Policy Learning in Sim
Upon gathering the demonstrations, we learn a temporally-aligned and embodiment-agnostic + domain-agnostic reward function which is used for downstream RL policy learning.
Research on Inverse Reinforcement Learning (IRL) from third-person videos has shown encouraging results on removing the need for manual reward design for robotic tasks. However, most prior works are still limited by training from a relatively restricted domain of videos. In this paper, we argue that the true potential of third-person IRL lies in increasing the diversity of videos for better scaling. To learn a reward function from diverse videos, we propose to perform graph abstraction on the videos followed by temporal matching in the graph space to measure the task progress.
Our insight is that a task can be described by entity interactions that form a graph, and this graph abstraction can help remove irrelevant information such as textures, resulting in more robust reward functions. We evaluate our approach, GraphIRL, on cross-embodiment learning in X-MAGICAL and learning from human demonstrations for real-robot manipulation. We show significant improvements in robustness to diverse video demonstrations over previous approaches, and even achieve better results than manual reward design on a real robot pushing task.
GraphIRL is a self-supervised method for learning a visually invariant reward function directly from a set of diverse third-person video demonstrations via a graph abstraction. Our framework builds an object-centric graph abstraction from video demonstrations and then learns an embedding space that captures task progression by exploiting the temporal cue in the videos. This embedding space is then used to construct a domain invariant and embodiment invariant reward function which can be used to train any standard reinforcement learning algorithm.

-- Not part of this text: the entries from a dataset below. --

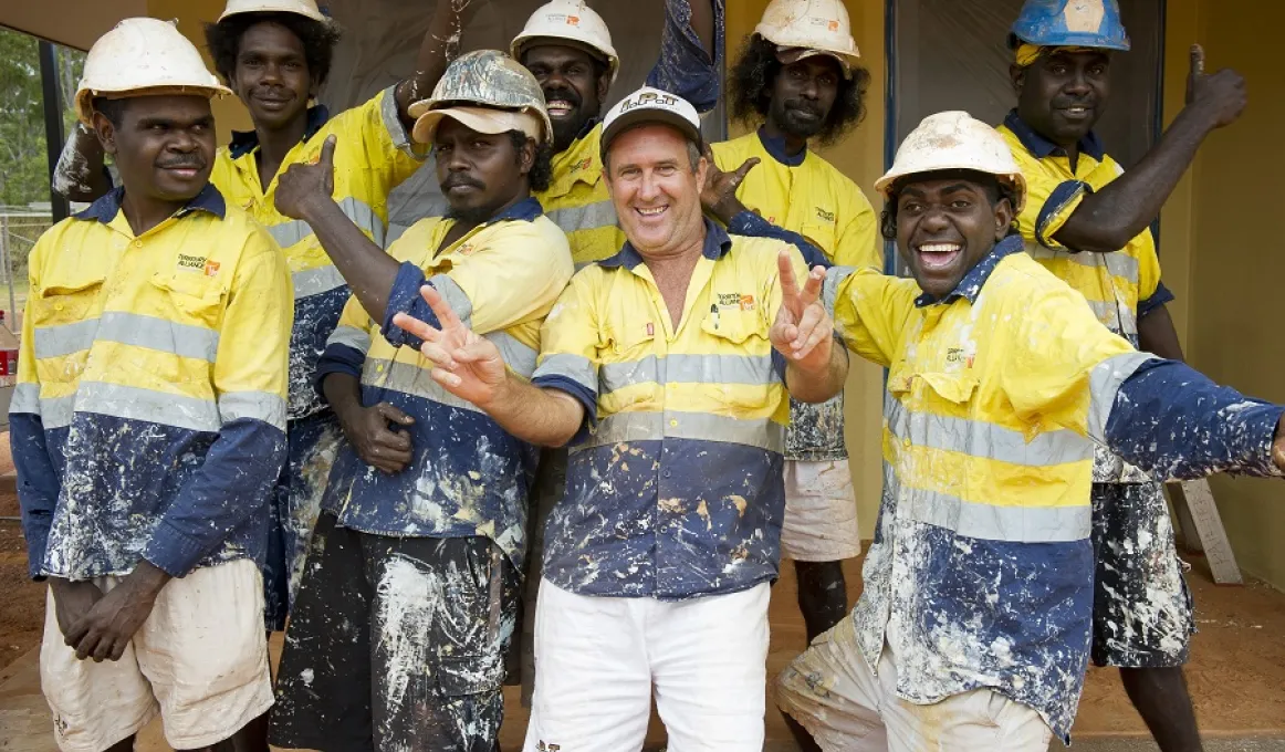 The enthusiastic Indigenous Painting Team in Galiwin’ku, Arnhem Land, awake early each morning and put on their brightly coloured uniforms, eager to continue their work painting houses in the community’s new housing subdivision.
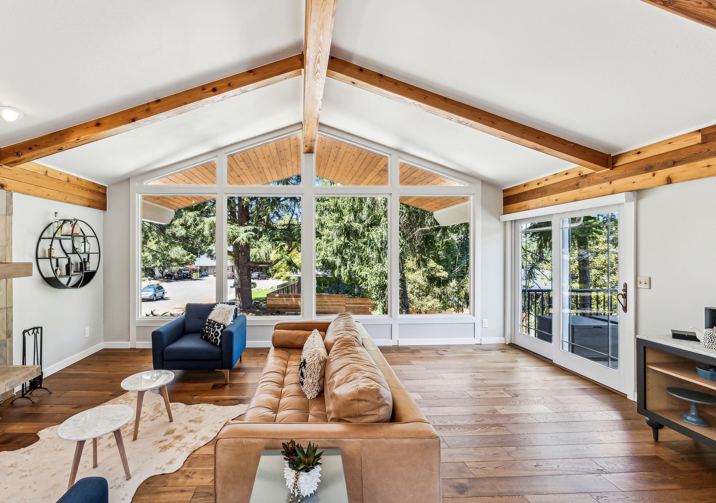 Welcome to an exquisitely crafted residence in the coveted Palisades neighborhood. Experience unparalleled tranquility in this recently restored home, showcasing designer-inspired styles and finishes throughout. The open floor plan boasts vaulted ceilings with cedar beams and custom millwork, creating a modern and inviting ambiance.
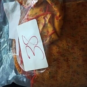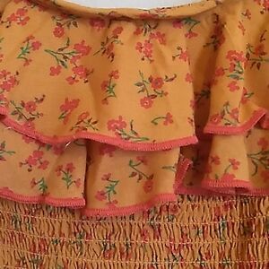 Halter top with ruffled sleeves orange with floral design (2) medium
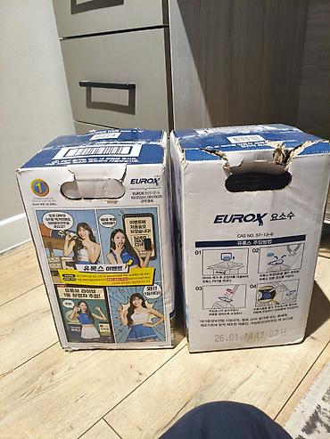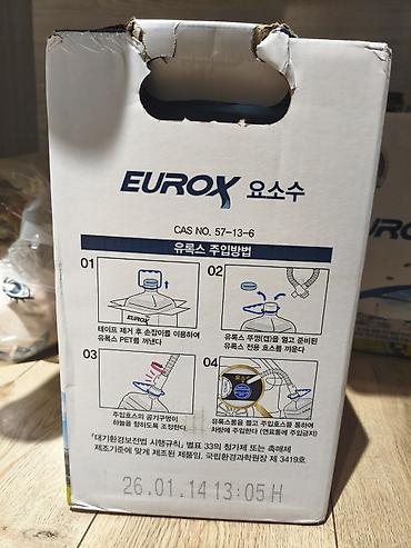 - Упаковка EUROX с ручкой; на коробке приведены пошаговые инструкции по заливке через шланг/носик.
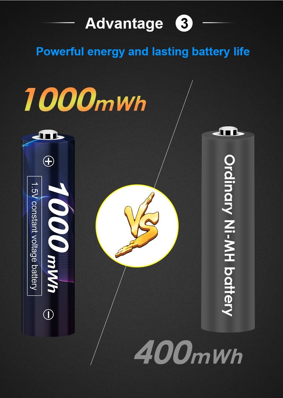 Стабильное постоянное напряжение 1,5 В, выше, чем у никель-металлогидридной батареи 1,2 В.

We have have 3 robotic manipulation tasks for which we gathered human demonstrations. From left-to-right, we have Task (a): Reach, Task (b): Push, and Task (c): Peg in Box. The video demonstrations have human hands completing the tasks with visually diverse goal regions, objects, and start-end locations for the human demonstrator.
Upon gathering the demonstrations, we learn a temporally-aligned and embodiment-agnostic + domain-agnostic reward function which is used for downstream RL policy learning.
We transfer the learned policies from simulation to a real robot and observe that our method achieves competitive success rates compared to other vision-based baselines.
In addition to evaluating GraphIRL on a range of robotic manipulation tasks, we also apply our method to the X-MAGICAL benchmark. With X-MAGICAL, we measure the performance of vision-based IRL baselines in the cross-embodiment cross-environment setting. For the purposes of our experiments, we leverage 2 variants of the X-MAGICAL environment: standard and diverse.
The goal for the agents in X-MAGICAL is to push three objects towards a static goal region. In the cross-embodiment cross-environment setting, we learn a reward function with GraphIRL on three of the four embodiments in one variant of the X-MAGICAL environment, and during RL, we use the learned reward function on an unseen embodiment in a visually different version of the environment.